AMD has revealed the improved Instinct MI200, which is aimed primarily at the US DOE’s Exascale program. The processor has incredible HPC performance as well as reasonable theoretical AI capabilities. AMD also hinted at an EPYC CPU update with a huge 3D stacked memory V-cache for higher HPC performance, as well as a cache coherent network that can connect four MI200s to the EPYC CPU. Let’s have a look at what we’ve got.
Technically, the business did not reveal these new platforms; rather, they showcased them in advance of SuperComputing ’21, which will be hosted in St. Louis from November 14 to 19. And, given that Oak Ridge National Labs is currently putting these chips in the HPE Cray Frontier Exascale machine, they felt compelled to comment. While certain information and price are yet unavailable, the HPC and AI communities will be pleased with the news.
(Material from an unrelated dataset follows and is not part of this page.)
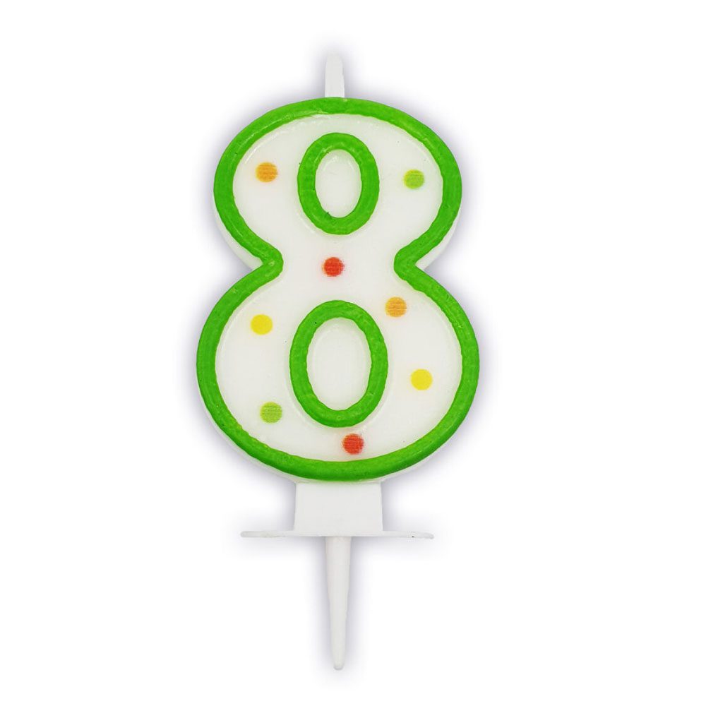 Κεράκι πουά αριθμός 8, για την τούρτα γενεθλίων σας. Τυχαίο χρώμα.

Because the Frontier and El Capitan Exascale systems for the US DOE had already been awarded to HPE and AMD when the chip was still on the drawing board, the MI200 design team knew who their initial clients would be. While AMD accidentally revealed that the CPU will use 550 watts (! ), when compared to the NVIDIA A100, it will give roughly five times the 64-bit floating-point performance for HPC applications, thus performance per watt will still be amazing.
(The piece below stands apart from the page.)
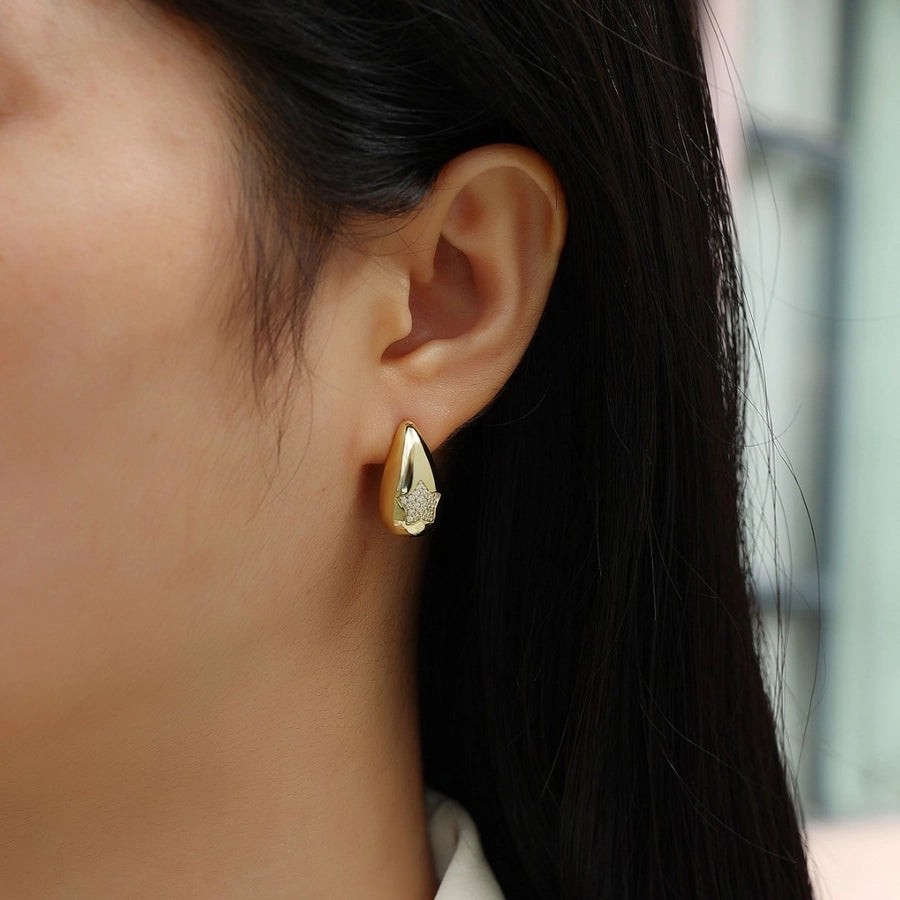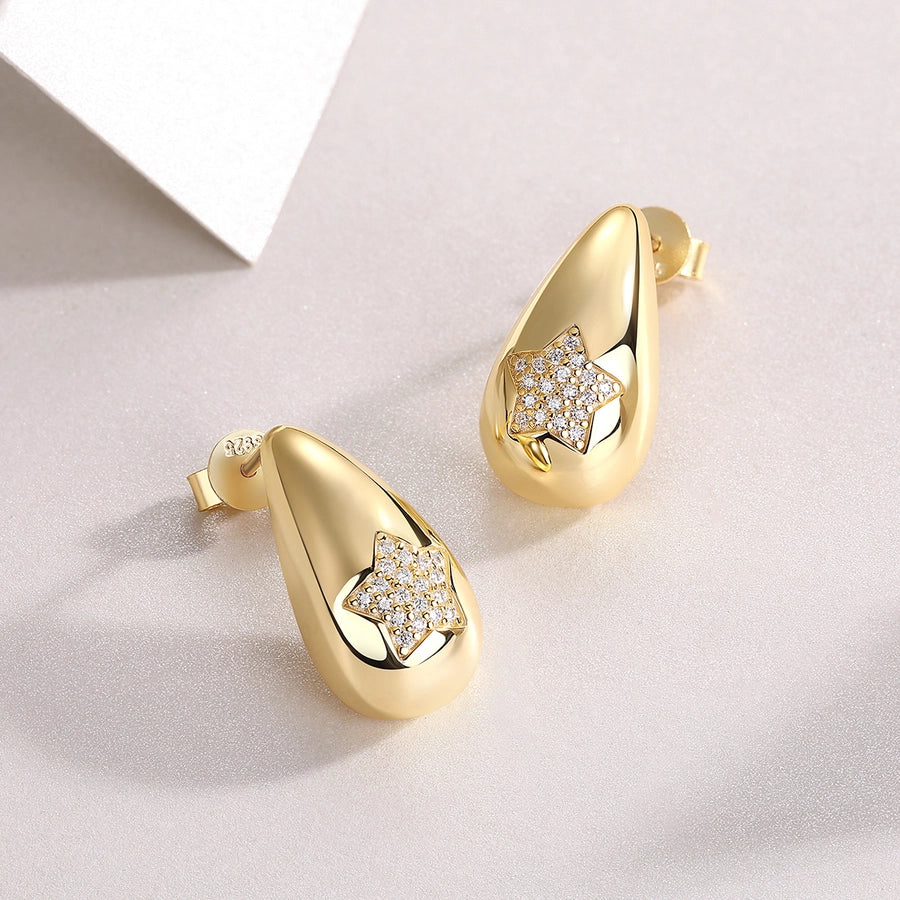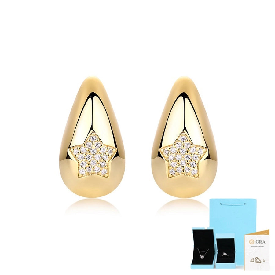 1 Pair 925 Sterling Silver Moissanite GRA Certificate 925 Sterling Silver Earrings Star Water Droplets Ear Studs

In terms of AI performance, AMD has narrowed the gap with NVIDIA, at least theoretically, thanks to 16-bit floating-point FLOPS that are 20 percent greater than the NVIDIA A100. Because AMD isn’t ready to release AI benchmark results like the MLPerf suite, we term it “theoretical.” And we doubt the Instinct software team will be able to improve AI models, kernels, and the ROCm development stack in a timely manner, so don’t hold your breath. However, we believe that the performance will entice developers to start building an AI ecosystem around AMD.
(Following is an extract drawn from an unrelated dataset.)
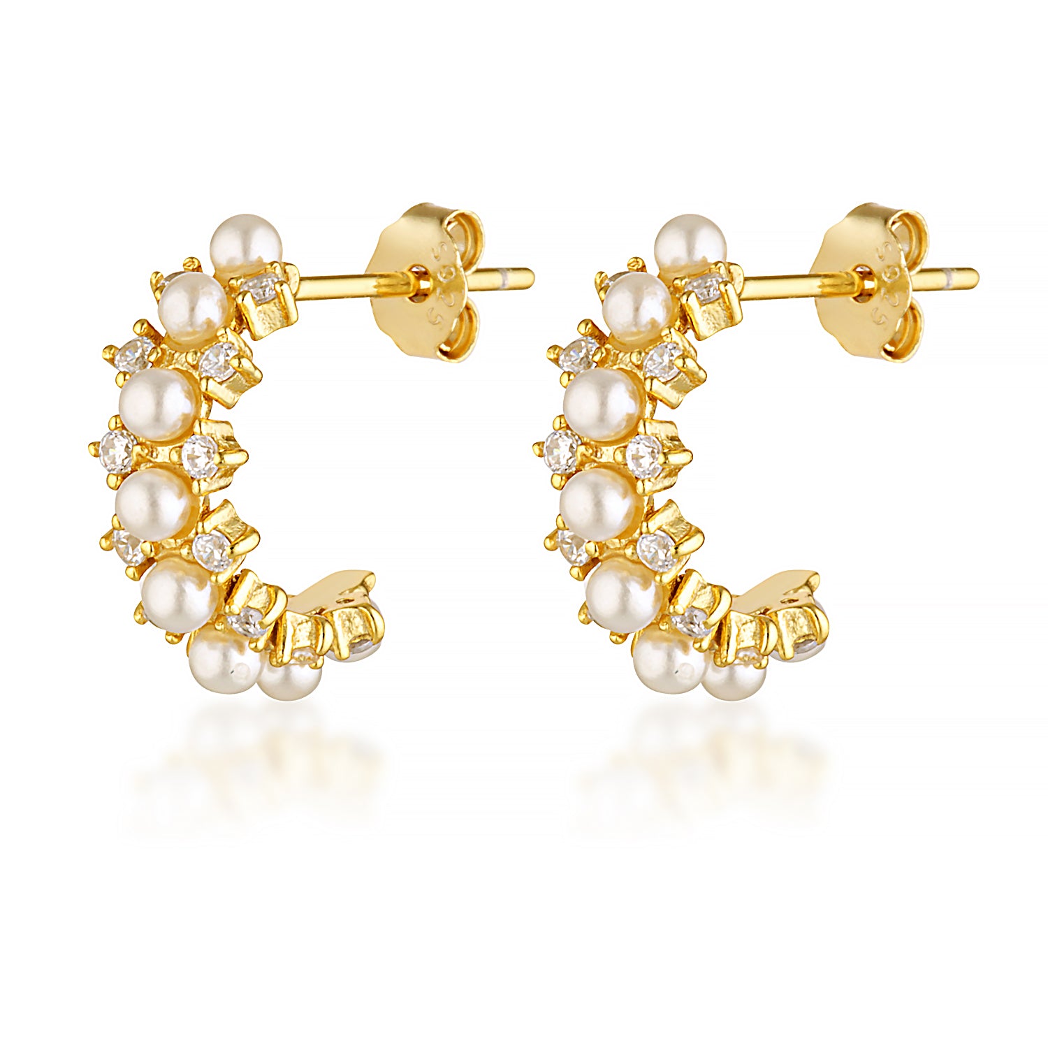A Cinderella Story Mini Hoops are Gold Plated Stud earrings adorned with freshwater pearls and zircon stones. They are long lasting, waterproof and perfect for any occasion.

There are two more features worth mentioning. One is the new Infinity fabric’s speed and memory coherency, which connects the GPUs to MilanX and, presumably, Milan. Cache coherency makes memory management much easier for software developers, enhances application speed, and allows AI models with billions or trillions of parameters. The performance of these direct links will, of course, outperform PCIe-based GPU systems.
The Elevated Fan-out Bridge (EFB), which substitutes the standard silicon transposer, is the other new technology. EFB offers greater scalability and cheaper costs by utilizing typical “flip chip” assembly procedures.